13 Sewing machine motor

14-pin board

15 lower shaft

16 upper shaft sprocket

17 lower shaft sprocket

18 timing belt

20 needle up and down moving mechanism

21 upper shaft

22 needle bar crank

23 stick holding part

24 needle bar crank rod

30-pin feed mechanism

31 needle bar swing table

32 Oscillating axis

33 Input wrist

34 output wrist

35 connecting rod

40 Up and down feed mechanism

41 Up and down feed axis

42 Feed wrist up and down

421 screw

43 Up and down feeding connecting rod

44 Up and down crank mechanism

45 Feed cam up and down

46 Up and down feed rod

47 Input wrist

471 long hole

48 stepped screw

49 Up and down movement range adjustment unit

50 height adjustment part

60 Horizontal feed mechanism

61 Horizontal feed axis

62 horizontal feed wrist

63 Horizontal feed connecting rod

64 horizontal crank mechanism

65 horizontal feed cam

651 screw

66 horizontal feed bar

67 Input wrist

69 Phase adjustment unit

80 Feed adjustment mechanism

81 sliding body

82 Guidance Department

83 slider body

84 Feed adjustment motor

85 Wrist Turn

86 Feed adjustment connecting rod

Detailed ways

[Overall structure of the embodiment]

Hereinafter, an embodiment of the present invention will be described in detail based on FIGS. 1 to 11 . In this embodiment, a two-needle needle-feed sewing machine will be described as an example. Needle-feed sewing machines, for example, are capable of needle-feeding synchronously with the feed teeth for sewn objects such as thick objects that are difficult to accurately feed at a set pitch due to slippage in a normal feed mechanism. A sewing machine in which the needle of the stick swings and feeds at a set pitch while the needle penetrates the object to be sewn.

Here, in the following description, the horizontal direction along the feed direction of the object to be sewn is defined as the X-axis direction (front-rear direction), and the horizontal direction perpendicular to the X-axis direction is defined as the Y-axis direction ( left-right direction), and a direction perpendicular to both the X-axis direction and the Y-axis direction is defined as the Z-axis direction (up-down direction). In addition, the downstream side of the feeding direction is referred to as "front", the upstream side is referred to as "rear", the left-hand side is referred to as "left" and the right-hand side is referred to as "right" in a state facing forward.

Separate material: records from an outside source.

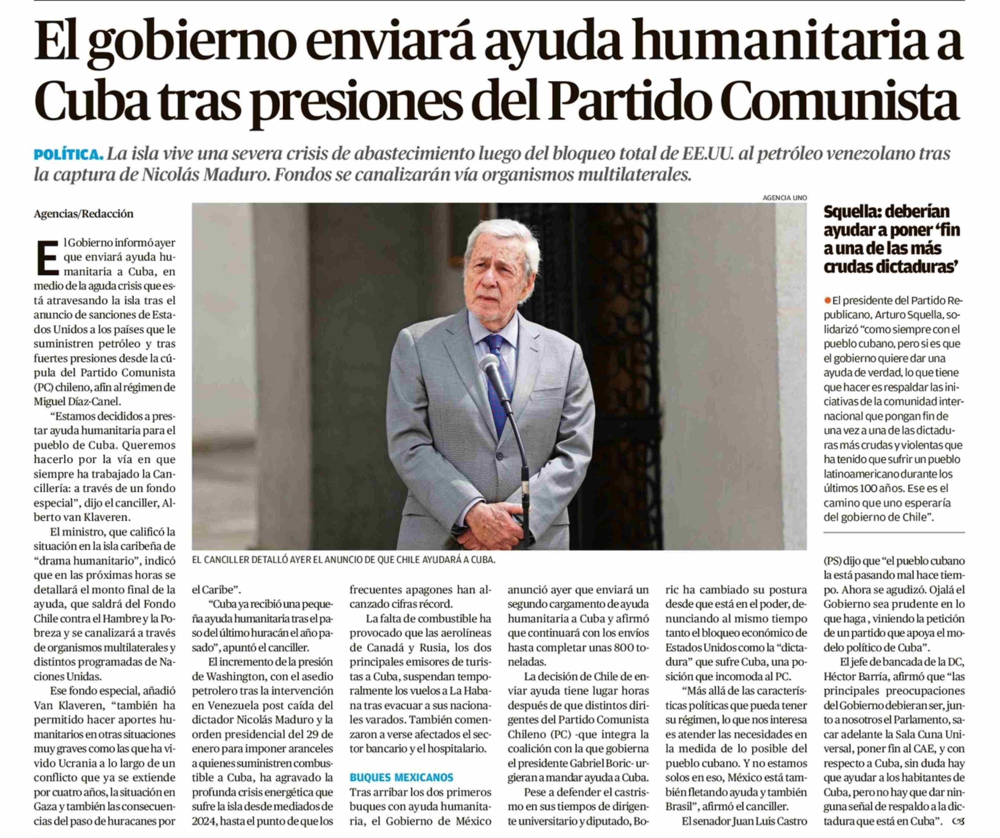 El gobierno enviará ayuda humanitaria a Cuba tras presiones del Partido Comunista 13-02-2026 Diario Austral Región de Los Ríos |
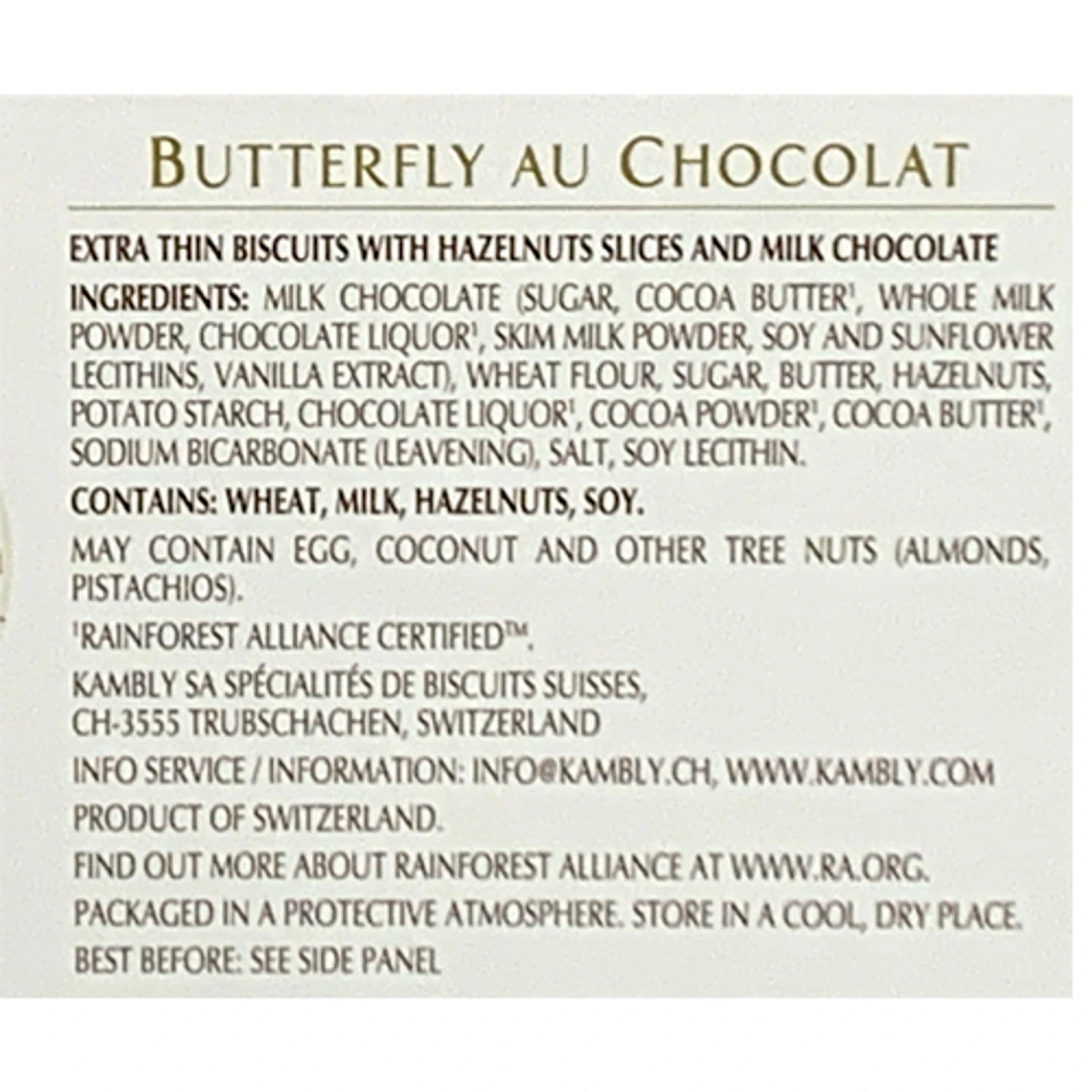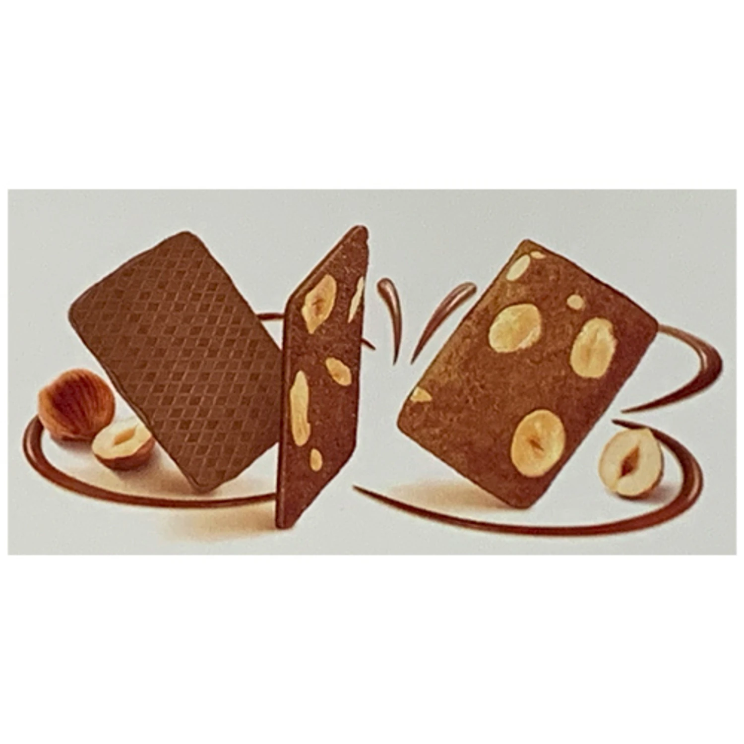Extra thin butter chocolate cookies with whole hazelnut slices. A perfect, great tasting Swiss biscuit delicacy for the afternoon or after dinner. Enjoy with German tea, coffee or hot cocoa.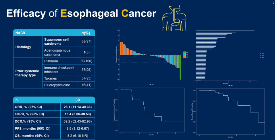 张剑教授:9MW2821药物在尿路上皮癌的治疗中已取得一定成果,并且我们已启动Ⅲ期临床研究。该研究由我们医院泌尿外科的叶定伟教授领衔,负责相应适应症的注册工作。此外,我们在宫颈癌和食管癌方面的研究也在深入进行中。值得一提的是,我们的药物已经在中国和美国食品药品监督管理局(FDA)获得突破性审评的可能性。
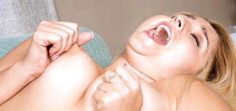 Naughty Mag: Tilltalande amerikansk blond hottie Kimmy Fabel avslöjar stora hooters och onanerar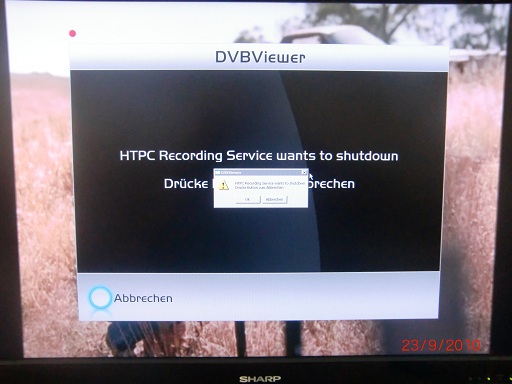 udo83 Posted September 23, 2010 Author Posted September 23, 2010 (edited) habs jetzt schon überschrieben aber in dem feld steht genau das gleiche wie auch in dem OSD Ding HTPC Recording Service wants to Shutdown Drücke Button zum Abbrechen. und ja sie kommt defenitiv vom service... wenn ich den wieder lösche komt sie ja nicht mehr Edited September 23, 2010 by udo83

FIG. 1 is a perspective view extracting the structure related to needle movement and feeding of a sewing object of a needle feed sewing machine 10 . As shown in Figure 1, the needle feed sewing machine 10 (hereinafter, referred to as the sewing machine 10 for short) has: a sewing machine motor 13, which becomes the driving source of the sewing action; The two needle bars 12 kept on the ground give the movement up and down; the needle feed mechanism 30, which makes the two needle bars 12 swing along the X-axis direction; the lower shaft 15; the up and down feed mechanism 40, which makes the feed teeth 4 move along the Z axis Axial direction moves up and down; Horizontal feed mechanism 60, it makes feed tooth 4 carry out reciprocating movement along X-axis direction; The spacing is adjusted; and the needle plate 14.

In addition, although illustration is omitted, the sewing machine 10 also has structures necessary for sewing such as a sewing machine frame, a kettle mechanism, a thread take-up lever mechanism, and a thread regulator device, but these structures are well-known structures, so description thereof will be omitted.

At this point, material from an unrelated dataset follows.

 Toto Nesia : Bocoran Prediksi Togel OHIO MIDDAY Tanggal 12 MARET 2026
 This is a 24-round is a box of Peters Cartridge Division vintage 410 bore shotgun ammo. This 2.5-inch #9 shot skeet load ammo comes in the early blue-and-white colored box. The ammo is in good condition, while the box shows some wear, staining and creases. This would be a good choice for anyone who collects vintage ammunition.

[Sewing needle up and down movement mechanism]

The needle up and down movement mechanism 20 has: an upper shaft 21, which is given a full circle rotation (continuous rotation to a certain direction) by the sewing machine motor 13; a needle bar crank 22, which is arranged on one end of the upper shaft 21; The holding part 23, which holds the two needle bars 12; and the needle bar crank rod 24, which connects the needle bar crank 22 and the needle bar holding part 23.

Furthermore, when the needle bar crank 22 rotates together with the upper shaft 21 , the needle bar crank rod 24 converts the rotational motion into a vertical reciprocating motion and transmits it to the needle bar holding portion 23 . Accordingly, the needle bar 12 moves up and down according to the number of rotations of the sewing machine motor 13 .

[needle feed mechanism]

The needle feeding mechanism 30 has: a needle bar swing base 31 that supports the two needle bars 12 to move up and down; a swing shaft 32 that supports the needle bar swing base 31 so that it can swing around the Y axis; an input arm 33 that supports The swing shaft 32 is input with reciprocating rotation; the output arm 34 is fixedly connected to the end of the horizontal feed shaft 61 of the horizontal feed mechanism 60 described later; 33 to connect.

The two needle bars 12 need to swing so that the sewing needles 11 move back and forth synchronously with the back and forth movement of the feed teeth 4 .

Therefore, the horizontal feed shaft 61 and the swing shaft 32 are connected via the output arm 34, the connecting link 35, and the input arm 33 so that the feed teeth 4 are given horizontal feed in the forward and backward direction (X-axis direction). The horizontal feed shaft 61 of the mechanism 60 and the swing shaft 32 perform reciprocating rotation synchronously.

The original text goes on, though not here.